Unlike bows and arrows, there is no useful predictive science of teaching, though teaching can use scientific findings as parts of its assembly (at the very least because there are sciences of learning), just as there is no useful predictive science of art, though we can use scientific findings when making it. In both activities, we can also use stories, inventions, beliefs, values, and many other elements that have nothing to do with science or its findings. It can be done ‘badly’, in the sense of not conforming to whatever standards of perfection apply to any given technique that is part of the assembly, and it may still be a work of genius. What matters is whether the whole works out well.

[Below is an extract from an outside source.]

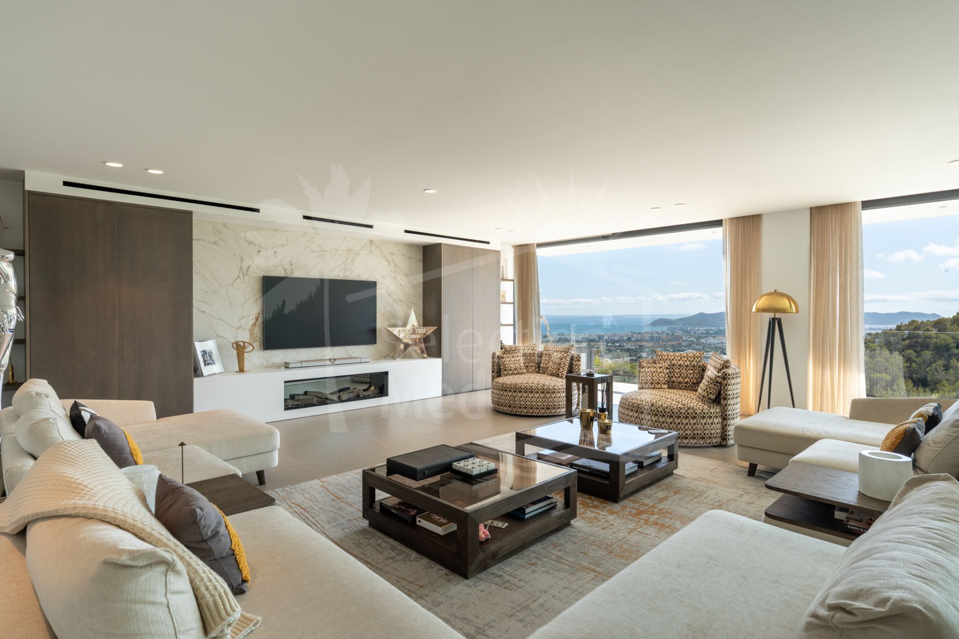 Ubicada en una posición elevada dentro de una de las zonas más exclusivas de Ibiza, esta extraordinaria villa disfruta de vistas panorámicas ininterrumpidas al mar, la ciudad, el campo y las montañas, dominando todo su entorno. La propiedad ofrece una sensación única de amplitud, privacidad y prestigio. A pesar de su entorno tranquilo, se encuentra cerca de Ibiza ciudad, playas de aguas cristalinas, restaurantes de alto nivel y servicios esenciales. El aeropuerto internacional está fácilmente accesible.

At a more fundamental level, there can be no useful science of teaching (or of art) because the whole is non-ergodic. The number of possible states that could be visited vastly outnumber the number of states that can be visited by many, many orders of magnitude. Even if the universe were to continue for a trillion times the billions of years that it has already existed and it were a trillion times the size it seems to be now, they would almost certainly never repeat. What matters are the many, many acts of creation (including those of each individual learner) that constitute the whole. And the whole constantly evolves, each part building on, interacting with, incorporating, or replacing what came before, creating both path dependencies and new adjacent possible empty niches that deform the evolutionary landscape for everything in it. This is, in fact, one of the reasons that learning style theories are so hard to validate. There are innumerable other parts of the assembly that matter, most of which depend on the soft technique of those creating or enacting them that varies every time, just as you have probably never written your signature in precisely the same way twice. The implementation of different ways of teaching according to assumed learning styles can be done better or worse, too, so the chances of finding consistent effects are very limited. Even if any are found in a limited set of use cases (say, memorizing facts for a SAT), they cannot usefully predict future effects for any other use case. In fact, even if there were statistically significant effects across multiple contexts it would tell us little or nothing of value for this inherently novel context. However, like almost all attempts to research whether students, on average, learn better with or without [insert technology of interest here], on average there will most likely be no significant difference, because so many other technologies matter as much or more. There is no useful predictive science of teaching, because teaching is an assembly of technologies, and not only does the technique of an individual teacher matter, but also the soft technique of potentially thousands of other individuals who made contributions to the whole. It’s uncertain, and so we need myths to help make sense of our particular, never-to-be-repeated context. Truth doesn’t come into it.